At the time, US authorities were quite concerned with the possibility of labor unrest mixed with the communistic philosophies of the anarchists giving rise to violent revolution, like in Russia. That fear was not totally unfounded. Fun fact: Wikipedia has a "category" page devoted to anarchist assassins. Thirty-five of them, including (of course) Leon Czolgosz, who did in President McKinley. Czolgosz claimed to have been "set on fire" by a speech he attended, given by, yup, Emma Goldman.

(Willrich barely mentions anarchists Sacco and Vanzetti, convicted and excecuted in proceedings largely considered unfair. He doesn't go into whether they were actually guilty. They probably were.)

That fear of anarchist activity quickly turned into the authorities trampling on all kinds of civil liberties, paired with law enforcement's proclivity to thuggish tactics.

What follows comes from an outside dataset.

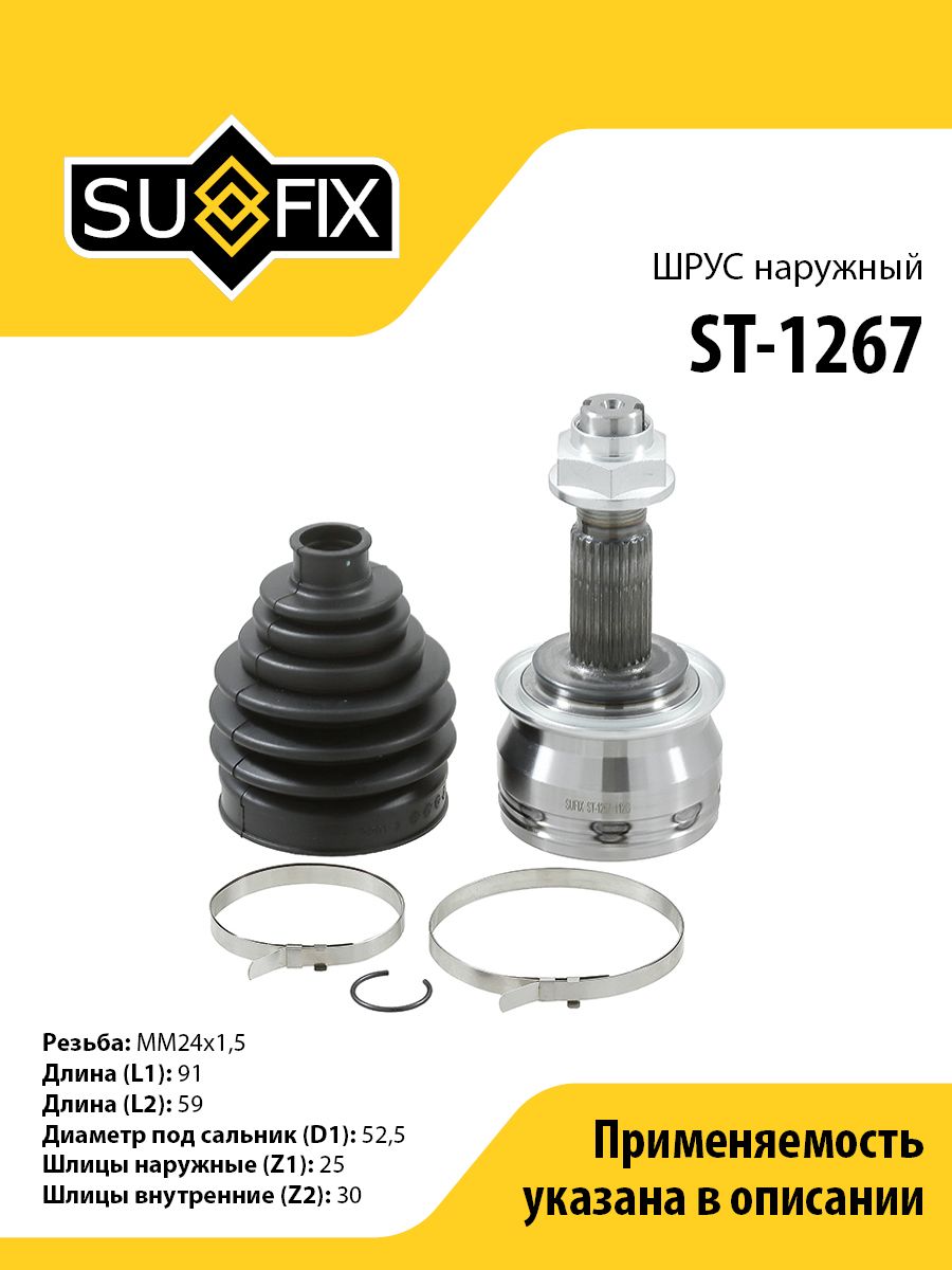 ШРУС наружный SUFIX ST-1267. Применение: CHEVROLET Aveo(T250/T300) 1.2-1.6 06> / Cobalt 1.5 13>.

And that combined with America's entry into World War I; anarchists quickly painted this as a war designed by capitalist plutocrats to defend their ill-gotten privileges. Legislation was passed to (essentially) outlaw dissent, and the anarchists were judged to have run afoul of it. The net was cast wide; to get in legal trouble, you just had to have (at some point) joined an organization whose leadership arguably held (at some point) unacceptable beliefs. You didn't actually need to have expressed those beliefs yourself.

Some non-anarchists were aghast. Others not. After a massive raid carried out by Woodrow Wilson's Department of Justice, the Washington Post regretted the legal hoops law enforcement had to jump through to get these pesky anarchists, and opined "A firing squad would be much more effective and impressive."

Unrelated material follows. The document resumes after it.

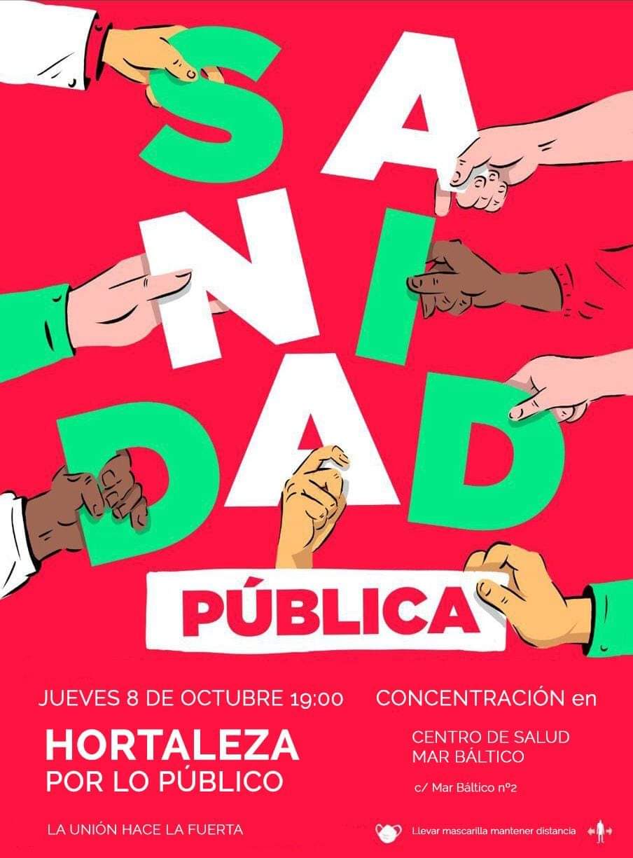 Este jueves 8 de octubre a las 19.00 horas, se celebran nuevas concentraciones en defensa de una sanidad pública, universal y de calidad en numerosos centros de salud de Madrid. En Hortaleza, se realizará frente al centro de salud Mar Báltico (Mar Báltico, 2).

Bottom line: many of those anarchists, including Goldman, were eventually deported off to the fledgeling Soviet Union. Not that the USSR was any more congenial to their beliefs. Goldman was surprised and disappointed by Lenin's totalitarianism; he was even more intolerant of anarchist dissent than the American authorities. (I know, quelle surprise, right? I live in the future too.) She wound up bounced out of Russia, living her remaining life in more capitalist countries.

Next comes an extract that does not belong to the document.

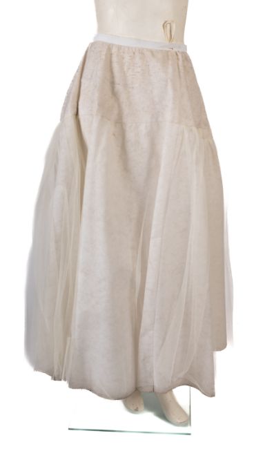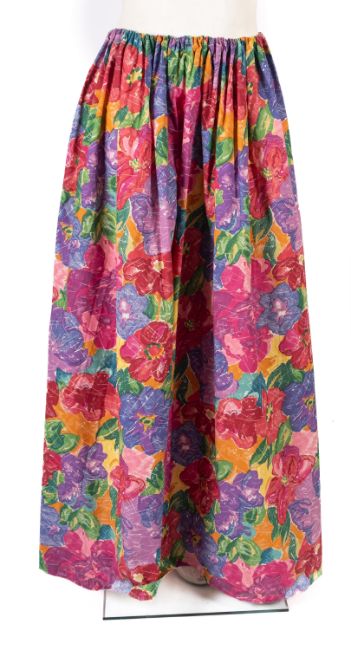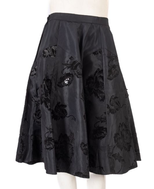 A group of four 1960's skirts, including a cream and silver full length skirt with a homemade net petticoat, black skirts and other homemade multi-coloured full length skirt, together with a pair of red cord pencil trousers. (6)

New Hampshire's own Elizabeth Gurley Flynn is a relatively minor character in the book. Willrich doesn't mention her intellectual odyssey, which went from Goldman-style labor activism to full-fledged Communist and Stalinist fangirl.

Margaret Sanger also appears, as cooperating with Goldman in efforts to inform the public about the details of birth control, another sore spot with the authorities. Willrich doesn't go into their embrace of eugenics, something even Planned Parenthood acknowledges these days. (You'd think that would be something a Brandeis prof might find worth mentioning in these days of wokeness, but no.)

In other spots, Willrich wanders into TMI-land. On page 172, we're informed that a primary lawyer for the anarchists, Harry Weinberger, was appointed to be commisioner of deeds by alderman Frank J. Dotzler, who (in turn) "won the Tammany Hall steak-eating contest in 1910 by putting away eleven and a quarter pounds of meat." As near as I can tell, Dotzler does not figure elsewhere in the Willrich's narrative, but if I had been writing the book, I'd have added this 1920 news story: 340 lb Santa Stuck in Chimney. Yep, that was Frank.

Willrich does however, to his credit, reflect on the "great irony" of Goldman's legal struggles with American authorities relying so much on the legal framework of the Constitution. Which her ideology claimed was a sham, designed to protect the oligarchy. Ironic, sure, but how opportunistic and cynical was that strategy? I don't think Willrich goes into that.